My first job’s CEO told me he almost always just throws away applications from the best university in that area for exactly that reason.
Just because you went through a lot of school does not mean you know what to do in the workplace.
I also interviewed a guy for a Japanese company who had a Master’s. I felt he had the skills and I gave him a pass, but then he ended up asking for too much of a salary and didn’t get the job. He was 6 years older than myself and unemployed, struggling to make ends meet, and being interviewed by someone 6 years younger than himself who had dropped out of high school.
At my current workplace another person started on the same day as myself, but he had a Bachelor’s.
My salary is double his because all the time he spent studying I spent working. He had to take a lesser position until he gains enough actual workplace experience to graduate up to my position.
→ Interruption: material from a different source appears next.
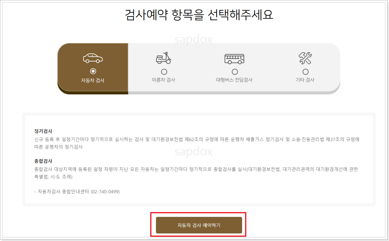 2.3. 자동차 검사 예약하기를 클릭합니다.
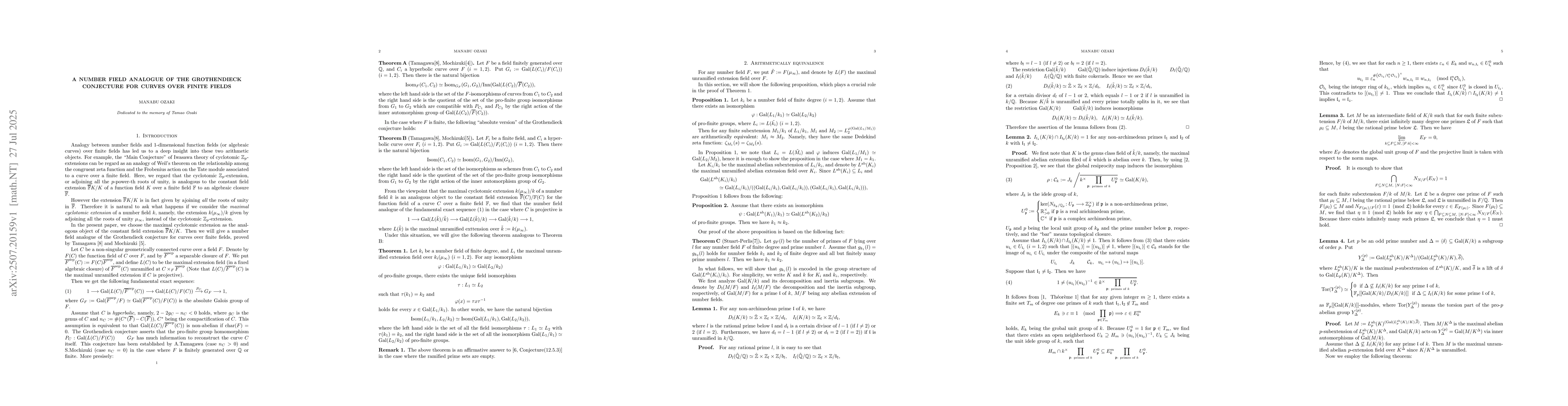 In the present paper, we provide a new analogy between number fields and 1-dimensional function fields over finite fields from the viewpoint that the maximal cyclotomic extension of a number field is analogous to the constant field extension of a function field to an algebraic closure. Namely, we give a number field analogue of the Grothendieck conjecture for hyperbolic curves over finite fields proved by Tamagawa and Mochizuki, which is an affirmative answer to Conjecture(12.5.3) of ``Cohomology of number fields" by Neukirch-Schmidt-Wingberg in the case where the ramified prime sets are empty.

Ultimately you are just going to spend a lot of money on an education that has no meaning only to find that you are 28 (after a Master’s degree?) and living on a 21-year-old’s salary. Regardless of your education, you start with an entry-level salary, so you may as well actually be 21 when you have such a salary.
To put it frankly, a 28-year-old with 7 years of work experience will 100% always get the job before a 28-year-old with nothing but school on his or her belt.
If you want to get a Master’s, go be a doctor. This is not the industry for that. We care about results, not education.
I myself dropped out of high school in order to get an early start on actual workplace experience and as such I currently travel the world programming video games. The janitor has a higher level of education than myself.
My salary and desirability are based on my actual performance, not education.